Die Bestandsaufnahme zum 1. März 2011 hatte im Main-Kinzig-Kreis eine Versorgungsquote von rund 21 Prozent (mit bewilligten und im Bau befindlichen Plätzen 29 Prozent) im Kreisdurchschnitt ergeben und dabei ganz erhebliche Differenzen zwischen den einzelnen Kommunen offenbart. Sollte das Ziel einer Versorgungsquote von 35% nicht erreicht werden können, so fürchtet Bousonville, dass viele Kommunen nach der anstehenden Rechtsprechung ab August 2013 klagenden Eltern, die keinen Betreuungsplatz erhalten, stattliche Summen an Erstattung werden zahlen müssen.
„Die berechtigten Ansprüche der Bevölkerung an eine Vereinbarkeit von Familie und Beruf werden wir nur erreichen können, wenn Land und Bund ihre Unterstützungen intensivieren. Bisher fördern Bund und Länder den Ausbau nur mit Zuschüssen zu den Baukosten. Einen Großteil der Baukosten sowie die Bewirtschaftung der Gebäude und die Bezahlung der notwendigen zusätzlichen Erzieherinnen und Erzieher müssen die Kommune allerdings weitgehend alleine tragen“ so Bousonville.
Das Versorgungsziel von 35% im Jahr 2013 sei, so Bousonville, ohnehin nur eine gegriffene Größe. Neueste Prognosen der Bundesregierung gingen von einem durchschnittlichen Bedarf von 42% für Einjährige und 65% für Zweijährige aus. Es sei davon auszugehen, dass das gegriffene Ziel von 35% den tatsächlichen Bedarf weit verfehle. Dies zeigten auch die Bedarfs- und Entwicklungspläne der Kommunen. Sie schwankten im Main-Kinzig-Kreis zwischen 25% über 45% bis hin zu über 60% im Westkreis.

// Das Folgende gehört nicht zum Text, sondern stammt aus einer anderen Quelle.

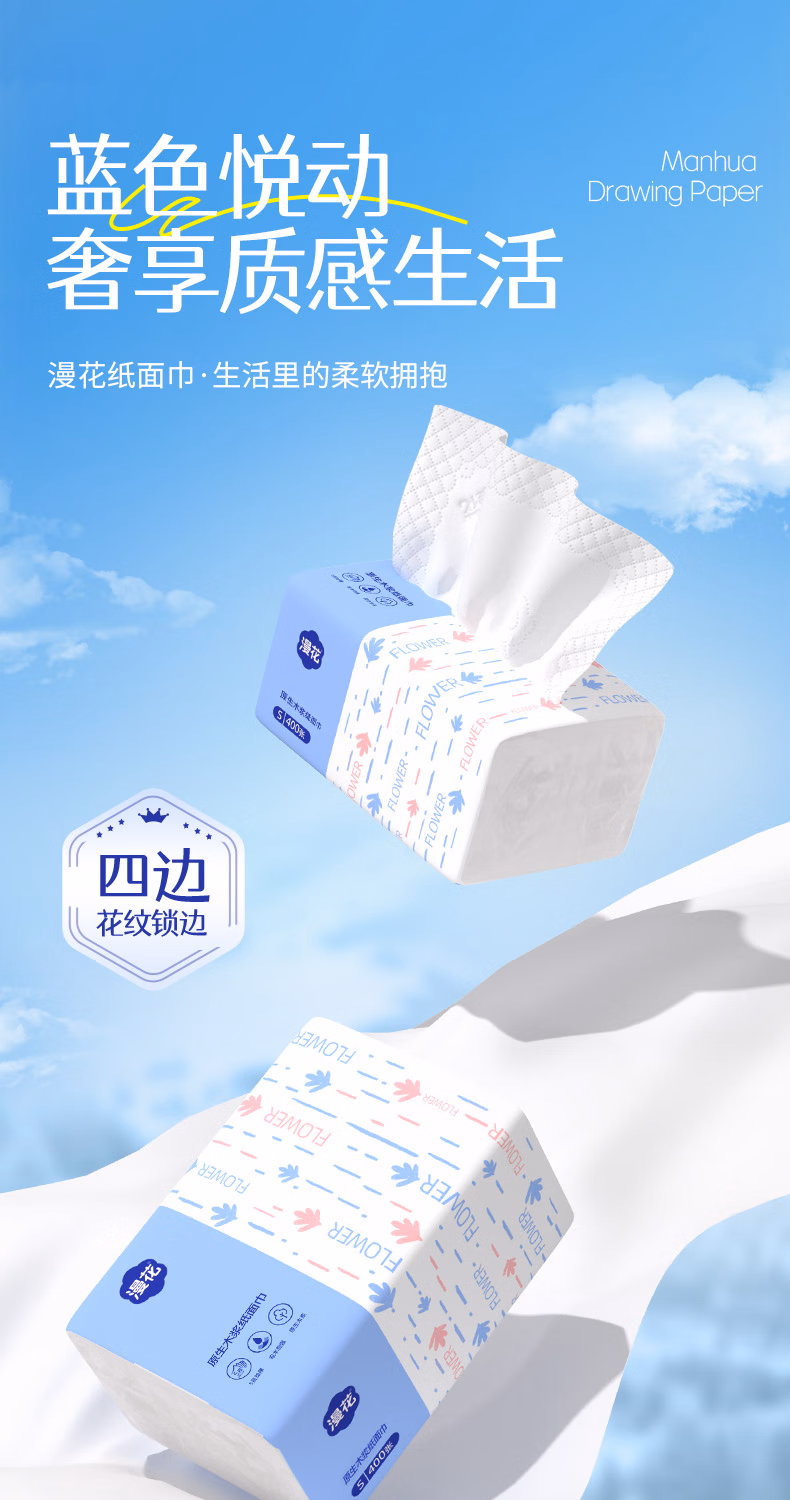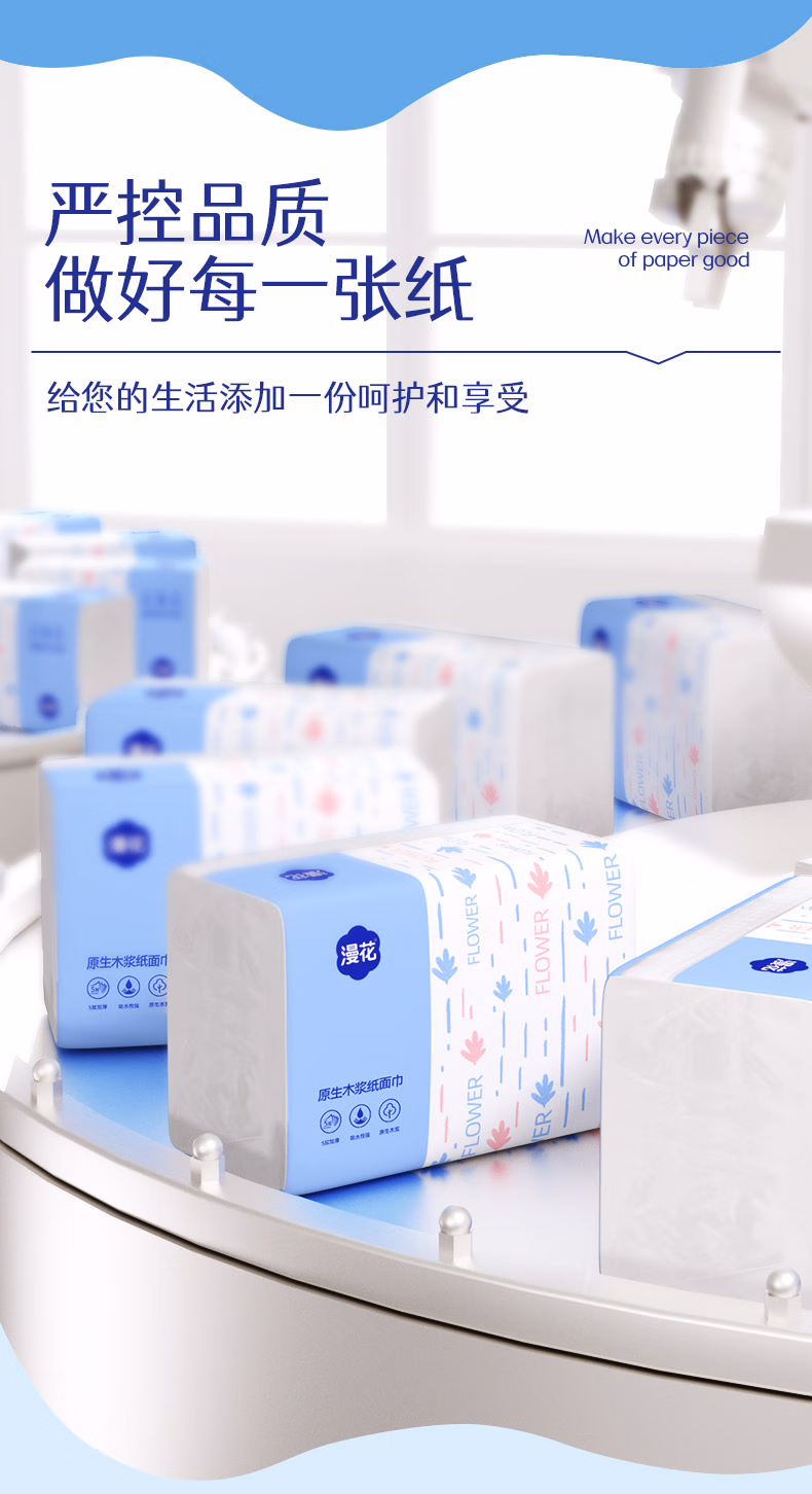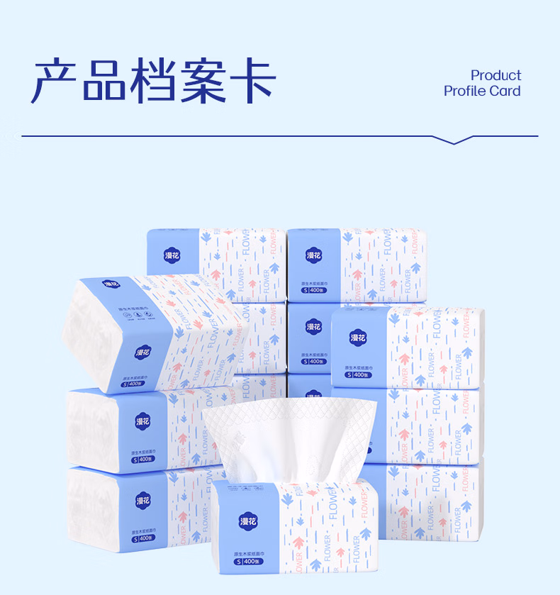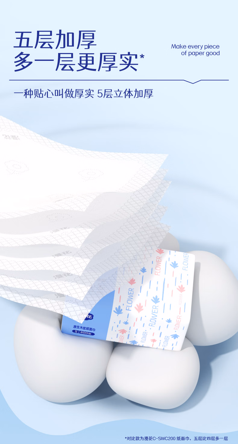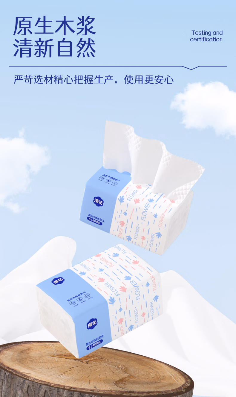 漫花400张5层家用纸巾抽纸整箱实惠装餐巾纸卫生纸家庭装擦手 5层 400张*10包
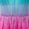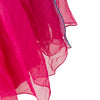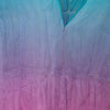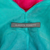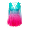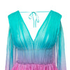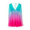 Alberta Ferretti evening dress with a deep V-neck, back knot closure, ombre gradient, pleated design, and a flowing cape panel for an elegant, unique look.

Zudem, erläuterte Grünen-Fraktionschef, sei zu erwarten, dass sich die Betreuungszeiten insgesamt verlängerten - auch im Ostkreis bei geringerer prozentualer Abdeckung. Hierfür wie auch für den Ausbau fehlten aber Personal und Geld. Problematisch gestalte sich auch der Fachkräftemangel im Bereich der Kinderbetreuung. Zwar habe der Main-Kinzig-Kreis an der Eugen-Kaiser-Schule in Hanau die Ausbildungskapazitäten erhöht. Dies werde aber nicht reichen, um die Lücken zu füllen. Auch hier bedürfe es einer sachgerechten und ausreichenden Unterstützung von Land und Bund, um die ehrgeizigen Ziele zu erreichen“, forderte Bousonville und kündigte dazu eine Initiative der Koalitionsfraktionen in der kommenden Kreistagssitzung an.
Grund zum Jubeln gebe es also bei dem Ausbau der Kinderbetreuung wenig. „Wenn dem Main-Kinzig-Kreis noch jedes Jahr 23 Millionen aus dem Kommunalen Finanzausgleich zur Verfügung stünden, dann brauchten wir nicht unter den Kommunalen Schutzschirm des Landes schlüpfen und könnten uns in den Schulen und Kindergärten mehr leisten“, schloss Bousonville.